C’est un moyen très concret de lutter contre les ravages de la corruption et de la prévarication, qui s’inscrit parfaitement dans l’esprit de notre texte. Des précisions ont été apportées au cours de vos débats en commission ; je me félicite de ce travail constructif : il a permis de renforcer l’association des organisations de la société civile aux projets de développement financés par ce biais afin qu’ils bénéficient bel et bien aux populations concernées.
Aujourd’hui, nous en avons de tristes exemples chaque semaine, cet horizon humaniste, qui est l’essence même du développement, est remis en cause par de nouveaux acteurs sans scrupules, notamment en Afrique. C’est l’un des aspects de la brutalisation de la vie internationale.
Face à cet état de fait, notre intérêt – là aussi, de long terme – est de mobiliser les leviers de notre politique de développement solidaire, aux côtés de nos leviers d’action multilatéraux, pour faire vivre concrètement les valeurs que nous voulons voir au centre du monde de demain.
C’est la raison pour laquelle nous souhaitons que davantage d’organisations internationales s’implantent en France. Ce projet de loi vise donc aussi à renforcer l’attractivité de notre pays, notamment en simplifiant et en accélérant l’octroi des privilèges et immunités, pour renforcer notre capacité d’influence. Ces deux mouvements sont complémentaires.
Madame la présidente, mesdames les sénatrices, messieurs les sénateurs, vous m’avez entendu y faire allusion à plusieurs reprises, le texte qui vous est soumis aujourd’hui s’est enrichi au fil des échanges que j’ai eus, en février, avec vos collègues de l’Assemblée nationale.
Vous-mêmes, vous vous en êtes pleinement saisis dans le cadre de vos travaux en commission des affaires étrangères, mais également, monsieur Requier, en commission des finances.
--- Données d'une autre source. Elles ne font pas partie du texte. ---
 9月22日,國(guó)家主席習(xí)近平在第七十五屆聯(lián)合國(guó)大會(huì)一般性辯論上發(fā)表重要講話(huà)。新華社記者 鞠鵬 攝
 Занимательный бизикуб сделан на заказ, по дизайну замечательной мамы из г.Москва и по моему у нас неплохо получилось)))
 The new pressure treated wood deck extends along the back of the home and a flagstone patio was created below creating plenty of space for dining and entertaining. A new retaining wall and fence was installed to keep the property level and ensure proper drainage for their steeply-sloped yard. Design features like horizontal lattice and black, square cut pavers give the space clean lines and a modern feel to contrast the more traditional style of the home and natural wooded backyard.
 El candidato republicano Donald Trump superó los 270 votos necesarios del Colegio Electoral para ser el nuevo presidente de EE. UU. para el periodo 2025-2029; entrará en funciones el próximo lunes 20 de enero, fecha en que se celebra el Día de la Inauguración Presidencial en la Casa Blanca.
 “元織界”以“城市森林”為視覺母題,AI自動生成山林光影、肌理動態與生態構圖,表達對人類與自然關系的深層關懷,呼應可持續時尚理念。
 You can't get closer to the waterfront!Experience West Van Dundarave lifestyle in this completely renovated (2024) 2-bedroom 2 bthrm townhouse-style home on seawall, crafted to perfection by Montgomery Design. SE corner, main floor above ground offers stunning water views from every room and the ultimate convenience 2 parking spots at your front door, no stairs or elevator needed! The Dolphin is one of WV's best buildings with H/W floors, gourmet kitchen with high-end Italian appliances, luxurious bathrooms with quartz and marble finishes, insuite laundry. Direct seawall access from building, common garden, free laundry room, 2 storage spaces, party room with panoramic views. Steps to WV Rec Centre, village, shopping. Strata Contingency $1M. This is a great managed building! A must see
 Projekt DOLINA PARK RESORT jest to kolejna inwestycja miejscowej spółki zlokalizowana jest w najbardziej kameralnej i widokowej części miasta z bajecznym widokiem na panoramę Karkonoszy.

Je crois pouvoir dire que nous nous retrouvons sur de nombreuses propositions que vous avez souhaité intégrer.
Dans ce travail collectif, qui s’inscrivait dans le prolongement de plusieurs années de réflexion et de discussions extrêmement fructueuses menées avec la représentation nationale, sous l’égide de la regrettée Marielle de Sarnez et du président Cambon, et les organisations de la société civile, j’ai vu un très beau signal, confirmé par le vote du texte à l’unanimité en première lecture à l’Assemblée nationale.
Un signal à l’adresse de nos partenaires du Sud et de la communauté du développement, bien sûr, mais aussi, et même avant tout, un signal à l’égard des Françaises et des Français. À mes yeux, le consensus qu’ils ont vu se dessiner fait honneur à notre démocratie.
Il répond, de manière pragmatique, à la nécessité de regarder en face les bouleversements du monde, pour leur apporter des solutions efficaces avant qu’ils ne viennent percuter notre quotidien, comme l’a fait la crise pandémique.
Dans un monde également bouleversé, trop souvent, par une forme de perte de sens, il répond à notre volonté, que vous partagez – j’en suis certain –, de redonner un sens concret aux valeurs qui nous sont chères : la solidarité, le progrès, une certaine idée de l’humain et de sa dignité.
J’espère, mesdames les sénatrices, messieurs les sénateurs, que vous aurez à cœur de travailler avec moi à renouveler, en le faisant vôtre, ce signal de responsabilité et de détermination.